The meta-idea of books as tools for war and peace grows stronger in this volume, too. The reader finally understands that the smutty novel that inspired Alana to defect from her people is actually a coded anti-war tome. The penultimate end of the story, Chapter 11 (and the last time we're with the main characters before the end of the book), ends with the book's narrator Hazel noting that she uses a scrap of the armored onesie that her grandfather made her now as a bookmark, a veritable symbol of beating a sword into a plowshare.
And Vaughan himself can't help some jabs at the reading public -- "This is why I never trust reviews," one character quips under her breath, and the tenth chapter begins with Marko seemingly asking the reader to continue with the book (as if we'd put it down now). Ironically, the book's final chapter -- the one that deals with the peace-promoting novel -- is the one that was supposedly censored in digital format for depicting homosexual sex, though later this turned out to not have been the case (maybe).
The end of Chapter 8, when Gwendolyn arrives, is the kind of surprise that reminded me of Vaughan's Y: The Last Man, but in some ways there the similarities stop. Y: The Last Man was much sharper, plot-wise -- this is the collection when the astronauts return to Earth, this is the one where the journalist is following Yorick -- and each Y volume had a distinct name.
In contrast, a good amount of Saga Vol. 2 is spent on Marko recovering their lost babysitter Isabel (more a device to show Marko's relationship with his mother than any real storyline), and only at the very end do they arrive at the planet they set out for in the last collection. Neither Saga nor Y's approach is wrong per se, but it's striking just how far the construction of these books differ from one another.
Fiona Staples drew majestically lush landscapes and engaging grunge ghosts in the last volume, but she outdoes herself here. Certainly the giant monster with the giant testicles is something to behold -- if you can stand it, study just how many details went into that image, from the wispy hairs to the clumpy debris -- but I was even more taken by the Sextillion guards in The Will's dream in Chapter 9. They have eyes on their chests and tongues for their bellybuttons! We haven't seen aliens like this -- truly alien -- in a long time, and that's even before the tentacle-faced goons, the witches with upside-down heads, and the three-eyed giant space baby. Staples sets her own bar high in this volume -- can she possibly top it in the next?

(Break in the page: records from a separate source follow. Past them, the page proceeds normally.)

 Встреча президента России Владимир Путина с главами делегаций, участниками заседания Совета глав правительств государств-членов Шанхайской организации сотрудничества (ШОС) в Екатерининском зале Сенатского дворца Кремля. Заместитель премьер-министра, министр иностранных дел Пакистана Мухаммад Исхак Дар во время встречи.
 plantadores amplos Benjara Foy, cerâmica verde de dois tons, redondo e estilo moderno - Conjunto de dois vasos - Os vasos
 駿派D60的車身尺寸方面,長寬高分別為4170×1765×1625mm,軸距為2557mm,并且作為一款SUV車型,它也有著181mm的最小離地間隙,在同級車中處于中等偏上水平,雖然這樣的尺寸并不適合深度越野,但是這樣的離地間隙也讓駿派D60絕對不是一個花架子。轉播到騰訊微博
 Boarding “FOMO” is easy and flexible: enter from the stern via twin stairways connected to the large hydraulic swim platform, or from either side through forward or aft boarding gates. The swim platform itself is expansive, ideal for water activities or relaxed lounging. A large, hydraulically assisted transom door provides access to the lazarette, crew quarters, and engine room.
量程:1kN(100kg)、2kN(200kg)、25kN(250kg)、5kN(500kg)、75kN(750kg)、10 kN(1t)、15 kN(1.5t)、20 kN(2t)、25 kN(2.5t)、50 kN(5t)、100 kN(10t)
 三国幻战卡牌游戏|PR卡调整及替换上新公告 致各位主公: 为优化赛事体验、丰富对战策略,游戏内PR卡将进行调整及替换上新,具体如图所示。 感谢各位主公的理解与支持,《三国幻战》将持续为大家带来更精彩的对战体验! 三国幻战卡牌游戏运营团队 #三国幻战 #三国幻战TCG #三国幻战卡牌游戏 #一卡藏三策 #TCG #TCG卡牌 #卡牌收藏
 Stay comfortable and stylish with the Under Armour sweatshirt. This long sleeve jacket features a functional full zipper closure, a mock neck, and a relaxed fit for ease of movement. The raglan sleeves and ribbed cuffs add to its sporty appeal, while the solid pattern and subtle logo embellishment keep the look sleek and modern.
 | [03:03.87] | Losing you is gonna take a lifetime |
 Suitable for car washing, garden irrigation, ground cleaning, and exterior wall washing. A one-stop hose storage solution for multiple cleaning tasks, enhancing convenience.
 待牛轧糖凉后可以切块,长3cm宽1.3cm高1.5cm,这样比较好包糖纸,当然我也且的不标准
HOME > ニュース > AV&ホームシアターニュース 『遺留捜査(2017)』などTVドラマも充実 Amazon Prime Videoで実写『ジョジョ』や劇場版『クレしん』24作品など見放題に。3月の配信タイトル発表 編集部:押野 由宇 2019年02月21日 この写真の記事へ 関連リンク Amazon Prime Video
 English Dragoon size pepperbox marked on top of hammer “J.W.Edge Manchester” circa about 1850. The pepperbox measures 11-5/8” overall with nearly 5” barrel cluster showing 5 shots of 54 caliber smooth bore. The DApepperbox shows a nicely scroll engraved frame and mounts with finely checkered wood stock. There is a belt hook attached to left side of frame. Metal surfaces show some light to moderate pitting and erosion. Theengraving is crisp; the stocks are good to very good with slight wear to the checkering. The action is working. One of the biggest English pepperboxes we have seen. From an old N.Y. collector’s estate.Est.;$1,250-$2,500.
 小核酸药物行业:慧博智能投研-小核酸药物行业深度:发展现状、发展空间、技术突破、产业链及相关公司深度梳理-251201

I don't wish "something would happen" in Saga -- rather, I'm kind of enthralled with the book's slow pace, like watching a high-wire act -- but I suspect it can't last. It seems inevitable that the next volume's confrontation between Marko, Alana, and Prince IV must be a taut, action-packed firefight -- though the fact that Vaughan has set it up that way equally leads me to suspect the next chapter might defy those expectations. Either way, Saga, Vol. 2 is more of the same great stuff, and now that I'm caught up, I'm waiting for the third volume with the rest of you.
[Includes a variant cover, book plate images, and a sketch.]